--- START ---
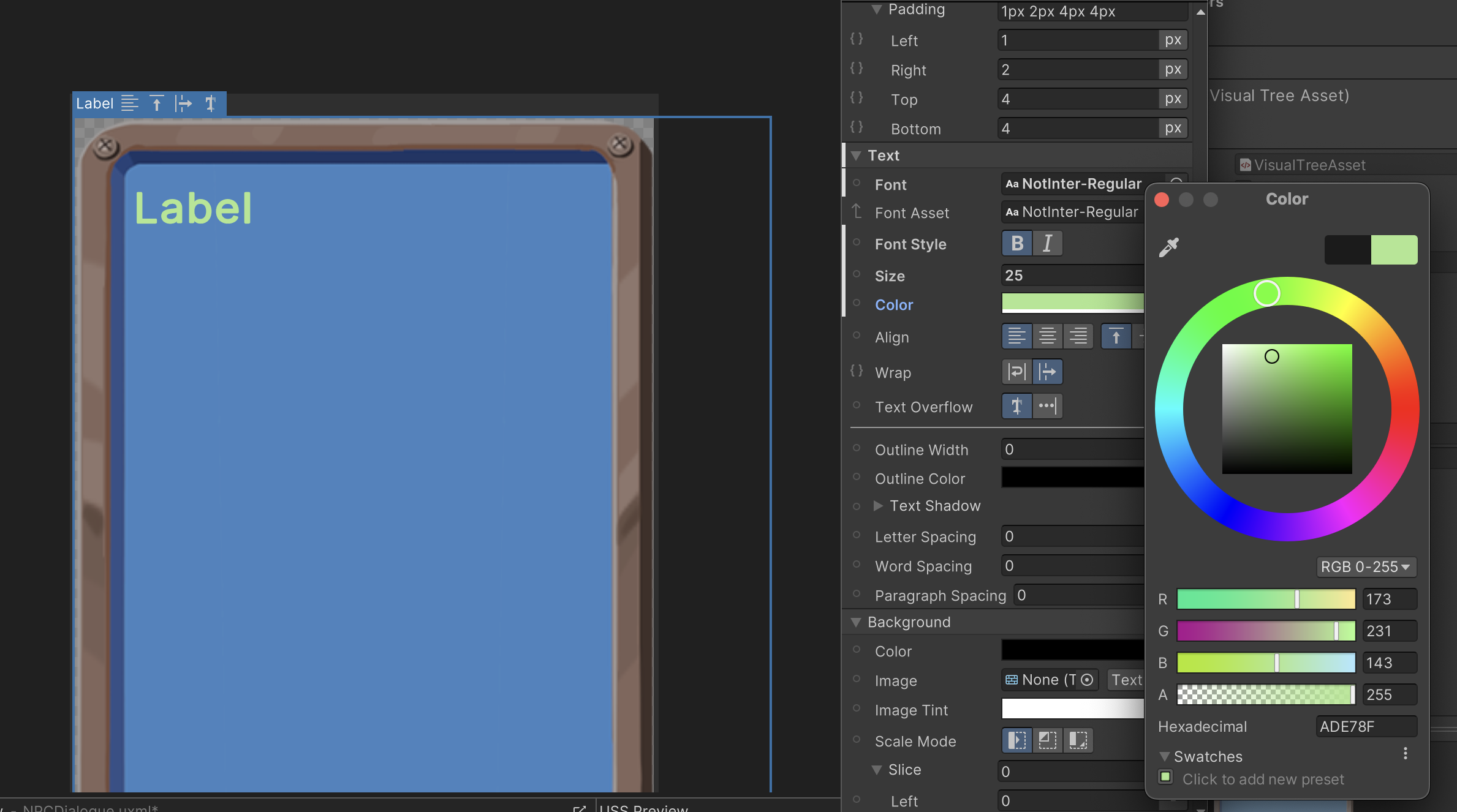 1. Create a new UI Document asset and call it “NPCDialogue”.
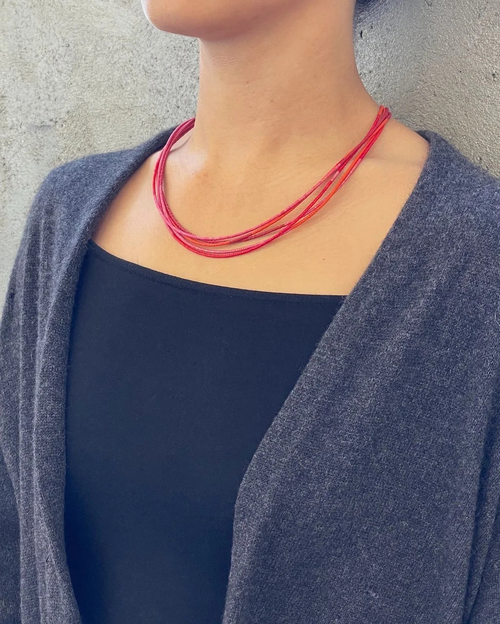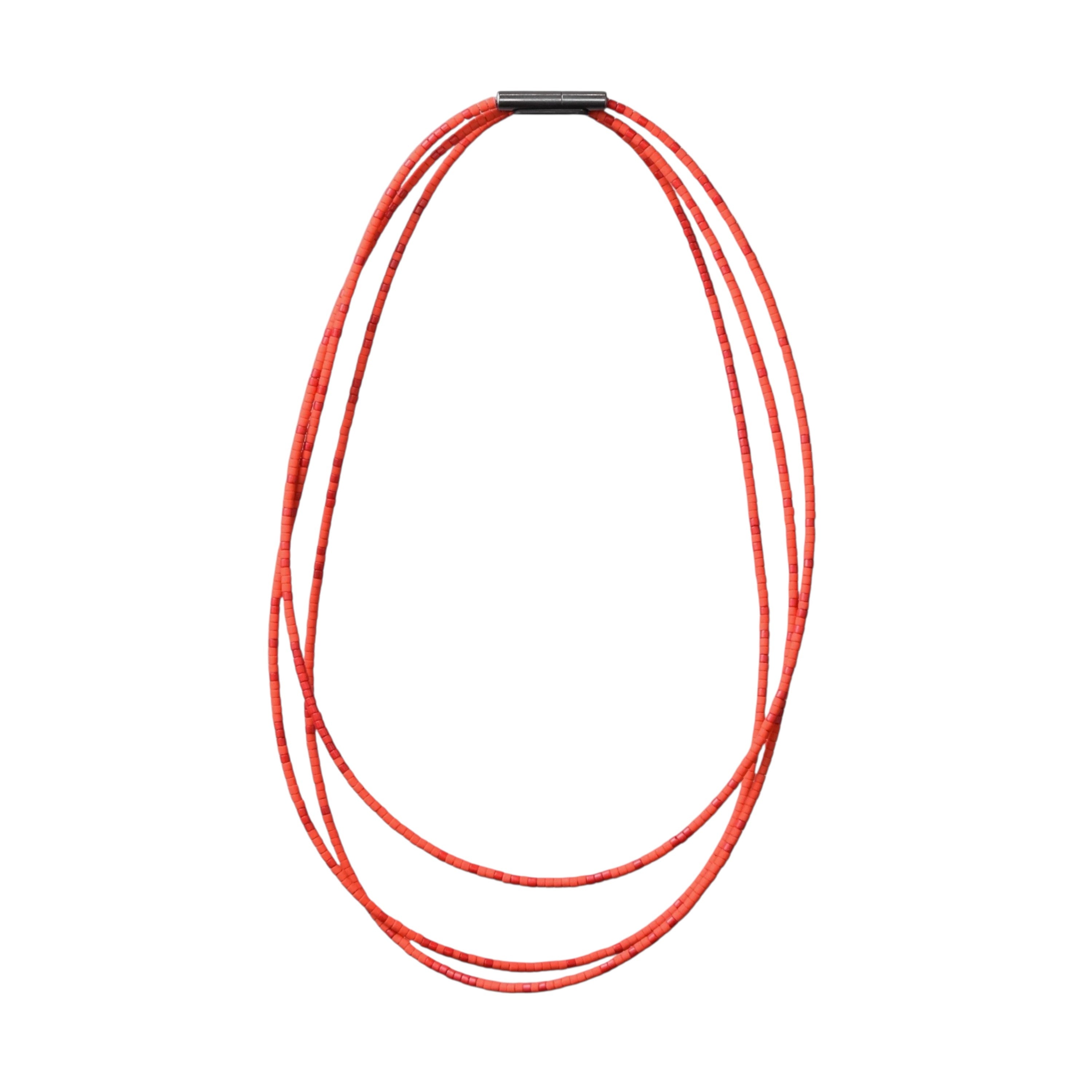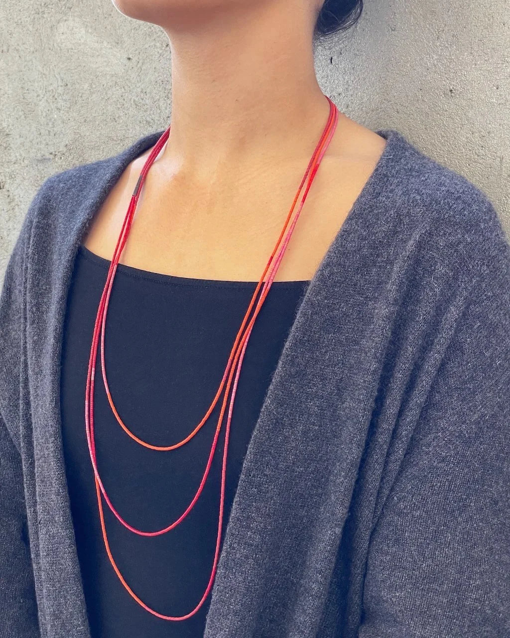 Julia TurnerPoppy Sweep Necklace in Orange, Pink, & RedJapanese glass Delica beads, oxidized silver, stainless steel cable, magnets
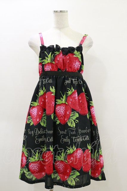 Emily Temple cute / フレッシュストロベリーリボンキャミワンピース ブラック H-26-04-05-049-ET-OP-KB-ZH
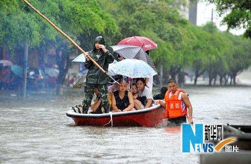 6月1日,来宾市消防官兵在转移被大水围困的群众。从5月31日晚开始,广西部分地区遭受特大暴雨袭击。截至6月1日9时,来宾市市区出现335.6毫米的特大暴雨,内涝严重。新华社记者 李斌 摄
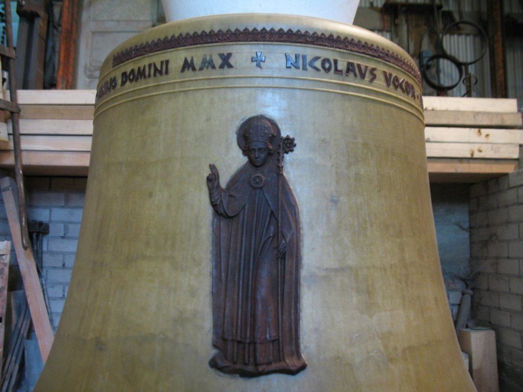 Het embleem van de heilige Nicolaas is door Laudy gekopieerd van de Nicolaasklok uit ’t Zandt (Gr.) Deze Van Wouklok heeft hetzelfde formaat als de nieuwe klok.
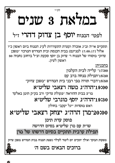 במלאות 3 שנים לפטירת המנוח ר' יוסף בן צדוק דהרי ז"ל, אביו של ידידנו היקר הרב איתי דהרי יצ"ו, תתקיים אי"ה ובל"נ אזכרה ועצרת התעוררות בהשתתפות מרן הגאון רבי יצחק רצאבי שליט"א, ביום ראשון כ"ו אלול התשע"ז (17.9.17 למניינם) בבית הכנסת ובית המדרש "משכן צדוק" מיסודו של המנוח ר' צדוק בן יוסף סקעת זצ"ל, רחוב נחמיה 80 שיכון המזרח - ראשון לציון. מצ"ב התכנית. תהא נשמת המנוח צרורה בצרור החיים, אכי"ר.
--- END ---
# [WHAT TO PRODUCE]
Transcribe each of the records above precisely, with no pictures in the copy.

# [ANSWER SPACE]
 1. Create a new UI Document asset and call it “NPCDialogue”.
 Julia TurnerPoppy Sweep Necklace in Orange, Pink, & RedJapanese glass Delica beads, oxidized silver, stainless steel cable, magnets
 Emily Temple cute / フレッシュストロベリーリボンキャミワンピース ブラック H-26-04-05-049-ET-OP-KB-ZH
 6月1日,来宾市消防官兵在转移被大水围困的群众。从5月31日晚开始,广西部分地区遭受特大暴雨袭击。截至6月1日9时,来宾市市区出现335.6毫米的特大暴雨,内涝严重。新华社记者 李斌 摄
 Het embleem van de heilige Nicolaas is door Laudy gekopieerd van de Nicolaasklok uit ’t Zandt (Gr.) Deze Van Wouklok heeft hetzelfde formaat als de nieuwe klok.
 במלאות 3 שנים לפטירת המנוח ר' יוסף בן צדוק דהרי ז"ל, אביו של ידידנו היקר הרב איתי דהרי יצ"ו, תתקיים אי"ה ובל"נ אזכרה ועצרת התעוררות בהשתתפות מרן הגאון רבי יצחק רצאבי שליט"א, ביום ראשון כ"ו אלול התשע"ז (17.9.17 למניינם) בבית הכנסת ובית המדרש "משכן צדוק" מיסודו של המנוח ר' צדוק בן יוסף סקעת זצ"ל, רחוב נחמיה 80 שיכון המזרח - ראשון לציון. מצ"ב התכנית. תהא נשמת המנוח צרורה בצרור החיים, אכי"ר.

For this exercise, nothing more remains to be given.